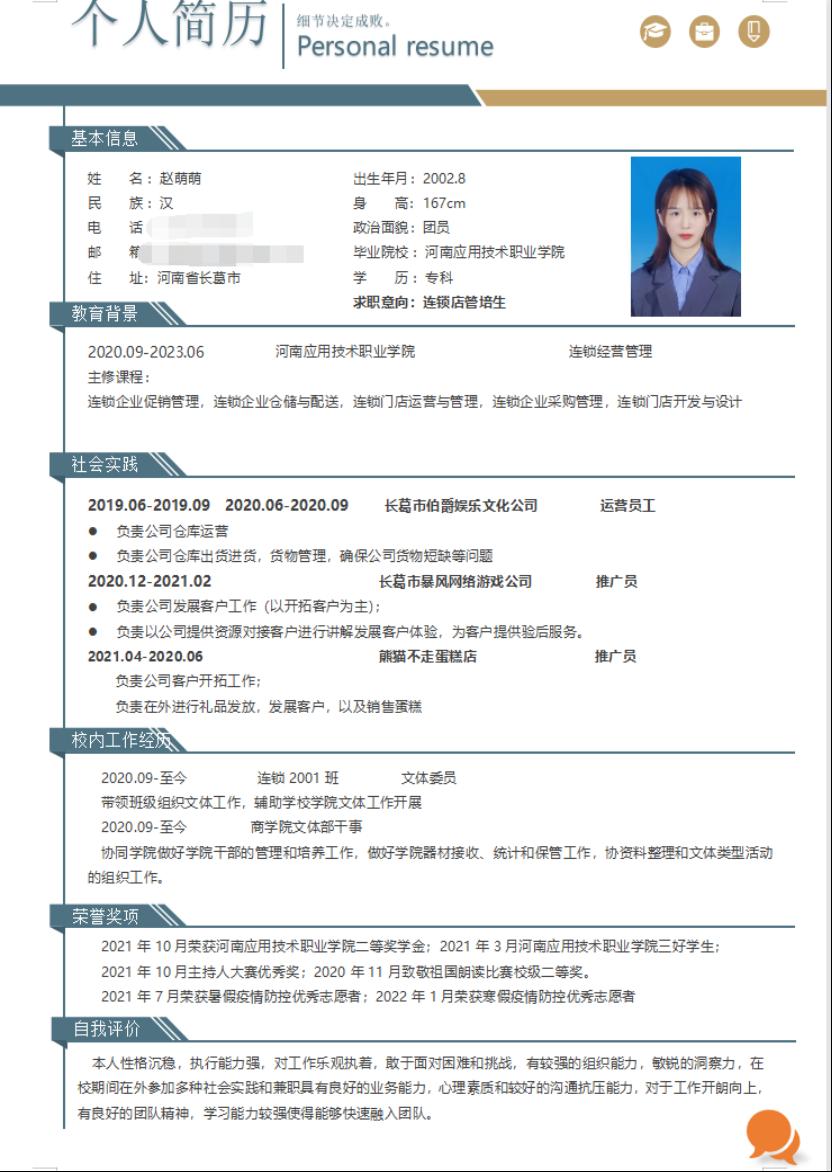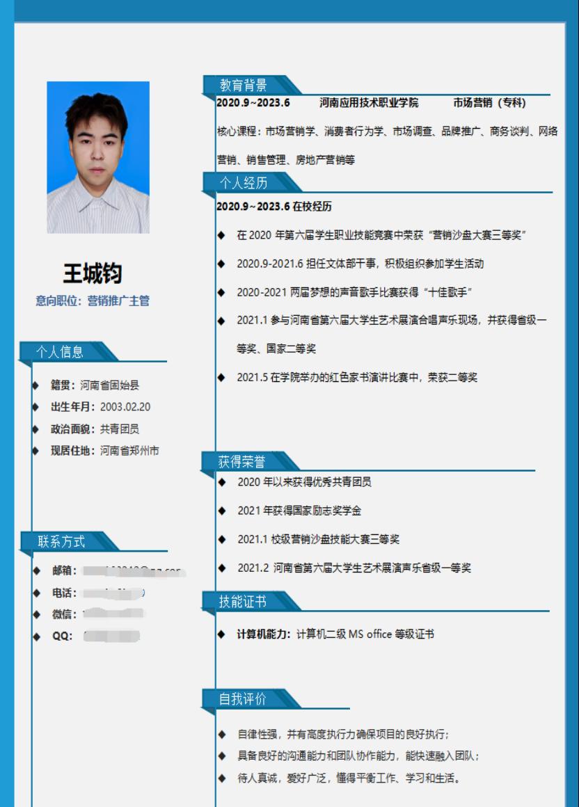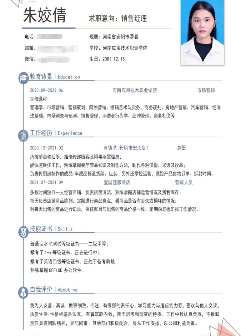 简历是展示自我的一块求职“敲门砖”,为帮助beat365英国官方网站20级学生增强就业意识,充分做好就业准备,制作出优秀的简历并能在求职过程中成为自身的“重要法宝”。beat365英国官方网站开展了第五届简历设计制作大赛,beat365英国官方网站20级全体学生参与了简历制作。下面我们来共同欣赏20级求职小可爱们的优秀简历吧!
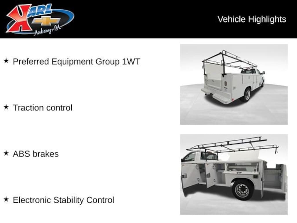 Summit White 2024 Chevrolet Silverado 4500HD Medium Duty with a 6.6L V8 Duramax Turbodiesel, 6-Speed Automatic and 4WD. This Silverado 5500 Stock #37621 has a READING Service body w/ladder rack. The Karl Auto Group with 5 locations across central Iowa is your go to destination for ALL your commercial vehicle needs. From new/pre-owned commercial vehicles to service and collision repairs the Karl Auto Group is here to be your one-stop shop. For more information on this or other work ready vehicles please contact Karl Chevrolet and ask for a commercial sales specialist.
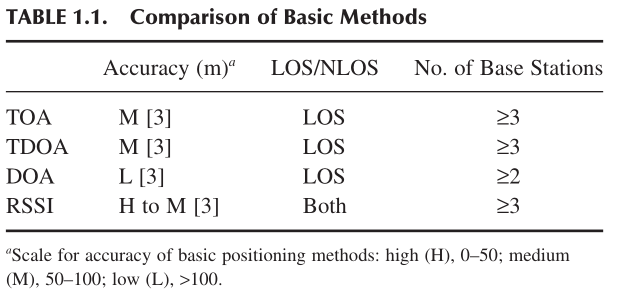 Table 1.1 compares basic positioning methods previously discussed in the chapter in terms of accuracy, a need for the availability of LOS, and the number of base stations required for localization.
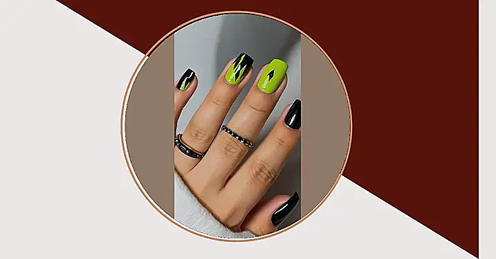 These nails are seriously giving us Halloween vibes, but with a touch of class! It’s like a witch went to a fancy dress party and decided to ditch the traditional black for a more playful green. The little black flames on the green nails look like they’re about to burst into a spooky dance, while the all-black nails are ready to cast a mysterious spell.
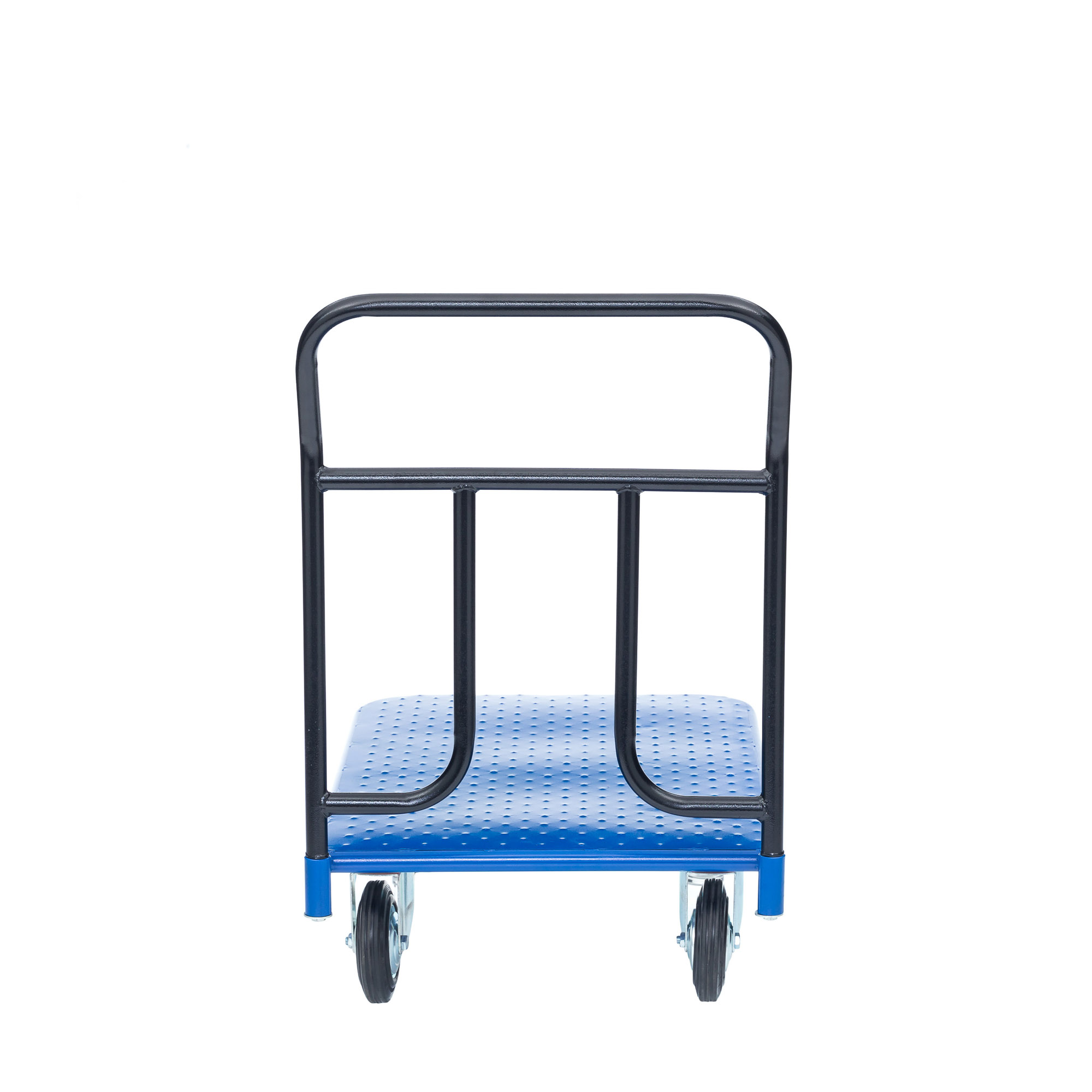 Платформенная 4-х колесная тележка КП-450 (700х1250) используется для перемещения различных грузов в складских помещениях. Ручка крепится к платформе болтами, для компактного хранения можно снять, высота ручки 750мм. Платформа имеет уникальную рельефную, полимерную, противоскользящую поверхность. Цвет синий, шагрень. Для легкого перемещения тележка КП-450 комплектуется 2 поворотными и 2 неповоротными колесами, изготовленными из высококачественной литой резины.

▶ TASK INSTRUCTIONS: Reproduce the material exactly; keep pictures out.

▶ OUTPUT OF THE EXERCISE:
 简历是展示自我的一块求职“敲门砖”,为帮助beat365英国官方网站20级学生增强就业意识,充分做好就业准备,制作出优秀的简历并能在求职过程中成为自身的“重要法宝”。beat365英国官方网站开展了第五届简历设计制作大赛,beat365英国官方网站20级全体学生参与了简历制作。下面我们来共同欣赏20级求职小可爱们的优秀简历吧!
 Summit White 2024 Chevrolet Silverado 4500HD Medium Duty with a 6.6L V8 Duramax Turbodiesel, 6-Speed Automatic and 4WD. This Silverado 5500 Stock #37621 has a READING Service body w/ladder rack. The Karl Auto Group with 5 locations across central Iowa is your go to destination for ALL your commercial vehicle needs. From new/pre-owned commercial vehicles to service and collision repairs the Karl Auto Group is here to be your one-stop shop. For more information on this or other work ready vehicles please contact Karl Chevrolet and ask for a commercial sales specialist.
 Table 1.1 compares basic positioning methods previously discussed in the chapter in terms of accuracy, a need for the availability of LOS, and the number of base stations required for localization.
 These nails are seriously giving us Halloween vibes, but with a touch of class! It’s like a witch went to a fancy dress party and decided to ditch the traditional black for a more playful green. The little black flames on the green nails look like they’re about to burst into a spooky dance, while the all-black nails are ready to cast a mysterious spell.
 Платформенная 4-х колесная тележка КП-450 (700х1250) используется для перемещения различных грузов в складских помещениях. Ручка крепится к платформе болтами, для компактного хранения можно снять, высота ручки 750мм. Платформа имеет уникальную рельефную, полимерную, противоскользящую поверхность. Цвет синий, шагрень. Для легкого перемещения тележка КП-450 комплектуется 2 поворотными и 2 неповоротными колесами, изготовленными из высококачественной литой резины.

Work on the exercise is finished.